You get a call on your free Internet phone service.
RING
“Hello.”
“Hey, it’s me.”“Hey you. What’s up? I was thinking about you and me going to that movie “3:10 to Yuma.”
AD FOR SEVERAL MOVIES SHOWS UP INSTANTLY ON YOUR SCREEN.
“Oh, I’ve heard it was good but I am a bit hungry. What if we go get something to eat first?”
AD FOR SEVERAL LOCAL RESTAURANTS POPS UP ON YOUR SCREEN.
“Chinese? Mexican? Italian?”
ADS FOR EACH TYPE OF CUISINE RUNS ACROSS THE SCREEN WITH EACH WORD SAID.
NOTE: About now I should tell you that a company called Pudding (started by two ex-intelligence officers in the Israeli military) is beta testing a new web-based phone service that listens in on your conversations and tailors ad content to your words.
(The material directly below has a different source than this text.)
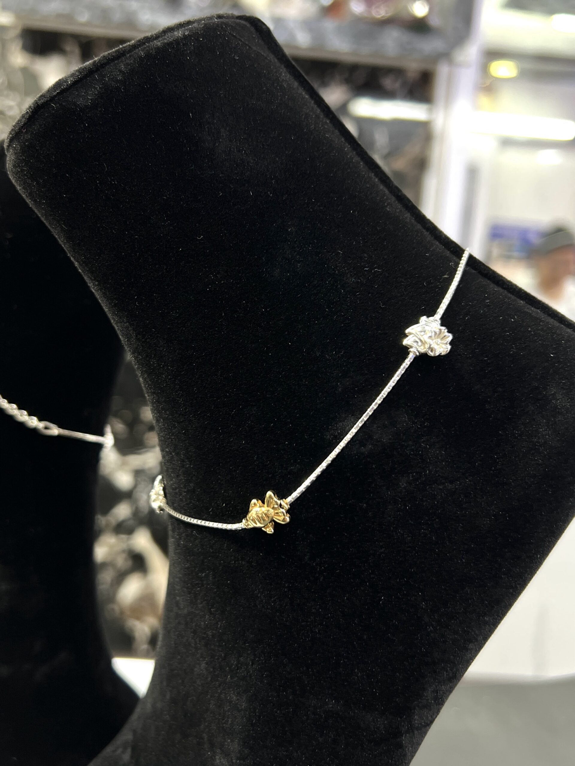 The Gilded Dragonfly 925 Silver Anklet This exquisite 925 silver anklet showcases a delicate golden dragonfly charm at its center, adding a touch of natural beauty and whimsy to your look. The fine silver chain is adorned with small, polished beads, creating a minimalist yet sophisticated design. With its adjustable fit, this anklet is a beautiful, eye-catching piece for any occasion.

So if you talk about movies and food, the ads pop up about those two things.
“I was thinking about that new restaurant over on the east side.”
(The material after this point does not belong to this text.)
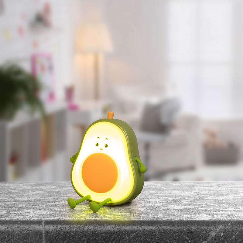 RGB детска силиконова нощна лампа Bobi, изработена от мек силикон в свеж зелен цвят с очарователен дизайн на авокадо. Осветителното тяло с мило усмихнато личице и симпатични ръчички и крачета създава топло и приятелско усещане, перфектно за детската стая. Лампата е с RGB функция, позволяваща ви да избирате между множество различни цветове, за да създадете уникално настроение според нуждите и предпочитанията на вашето дете.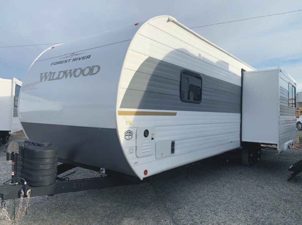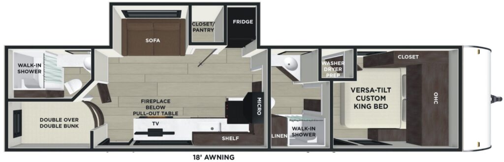 The 2026 Wildwood Travel Trailer Model 320ICE (VIN 2759) features a front bedroom w/ Versa-Tilt Custom King Bed & washer/dryer prep, walk-through bathroom, central living area, rear bathroom, and double over double bunk.

ADS FOR SEVERAL EAST SIDE RESTAURANTS SHOW UP.
“You mean Bush Street Grill?”
ADS FOR THE REPUBLICAN PARTY AGENDA SHOW UP ON YOUR SCREEN. ADS FOR BILL MAHER’S SHOW POPS UP WHEN YOU SAY “GRILL” AFTER YOU SAY “BUSH.”
“Yeah. I’ll be by in an hour.”
ADS FOR WATCHES APPEAR.
“Whoa, Captain Jack…”
PIRATES OF CARIBBEAN AD POPS UP. SMALL CAPTAIN MORGAN ADS SLIDES ACROSSBOTTOM JUST FOR GOOD MEASURE.
“I need to put on some make-up, so give me a little more time.”
ADS FOR MAC AND REVLON FILL YOUR SCREEN. PLASTIC SURGERY DOCTOR ADS SLICEACROSS TOP AS TIMEX AND SEIKO ADS AD START FIGHTING IN THE CORNER OF YOUR SCREEN.
“You need more than an hour? You’re killin me here!”
ADS FOR FUNERAL HOMES POP ON. YOUR DOGS BARKS AT THE NEIGHBOR’S CAT AND YOU LOOK OUT THE WINDOW. INSTANTLY, PURINA AND MEOW MIX ADS COME ON.THE SYSTEM CAN READ YOUR DOG’S VOICE TOO.